▶ **THE DATA**
* * *
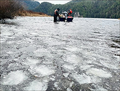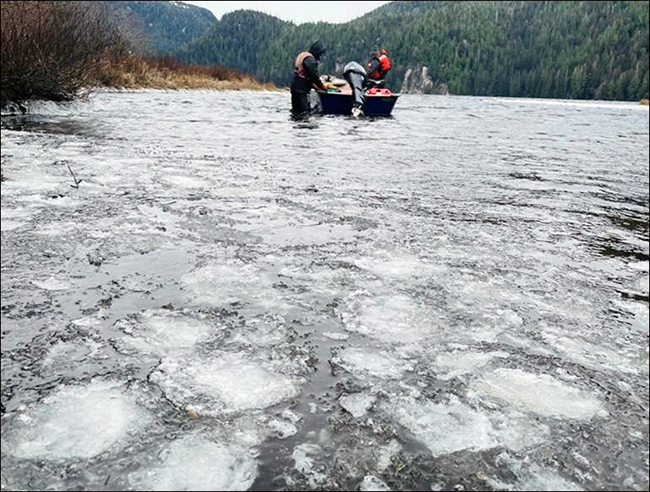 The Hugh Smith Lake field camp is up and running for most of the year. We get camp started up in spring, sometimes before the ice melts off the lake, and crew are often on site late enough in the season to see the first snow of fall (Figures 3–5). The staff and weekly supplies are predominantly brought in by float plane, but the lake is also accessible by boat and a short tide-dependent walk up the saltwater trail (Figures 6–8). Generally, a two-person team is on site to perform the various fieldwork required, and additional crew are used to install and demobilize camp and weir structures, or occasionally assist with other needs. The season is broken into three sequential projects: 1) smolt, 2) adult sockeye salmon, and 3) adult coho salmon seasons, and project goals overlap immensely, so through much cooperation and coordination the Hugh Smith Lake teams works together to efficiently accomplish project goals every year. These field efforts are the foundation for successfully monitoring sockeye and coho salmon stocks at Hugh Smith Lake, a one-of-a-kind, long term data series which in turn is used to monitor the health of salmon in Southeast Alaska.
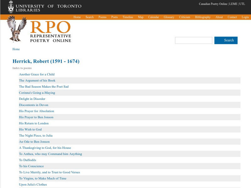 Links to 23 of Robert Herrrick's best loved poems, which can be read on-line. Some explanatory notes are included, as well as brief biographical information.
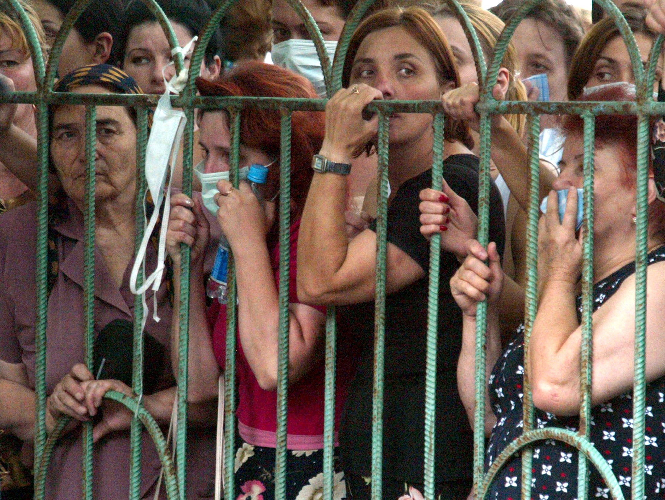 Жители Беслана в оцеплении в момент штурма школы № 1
* * *
▶ **WHAT IS NEEDED**
Set down the material again exactly. Don't carry over any pictures.

▶ **RESULT**
 The Hugh Smith Lake field camp is up and running for most of the year. We get camp started up in spring, sometimes before the ice melts off the lake, and crew are often on site late enough in the season to see the first snow of fall (Figures 3–5). The staff and weekly supplies are predominantly brought in by float plane, but the lake is also accessible by boat and a short tide-dependent walk up the saltwater trail (Figures 6–8). Generally, a two-person team is on site to perform the various fieldwork required, and additional crew are used to install and demobilize camp and weir structures, or occasionally assist with other needs. The season is broken into three sequential projects: 1) smolt, 2) adult sockeye salmon, and 3) adult coho salmon seasons, and project goals overlap immensely, so through much cooperation and coordination the Hugh Smith Lake teams works together to efficiently accomplish project goals every year. These field efforts are the foundation for successfully monitoring sockeye and coho salmon stocks at Hugh Smith Lake, a one-of-a-kind, long term data series which in turn is used to monitor the health of salmon in Southeast Alaska.
 Links to 23 of Robert Herrrick's best loved poems, which can be read on-line. Some explanatory notes are included, as well as brief biographical information.
 Жители Беслана в оцеплении в момент штурма школы № 1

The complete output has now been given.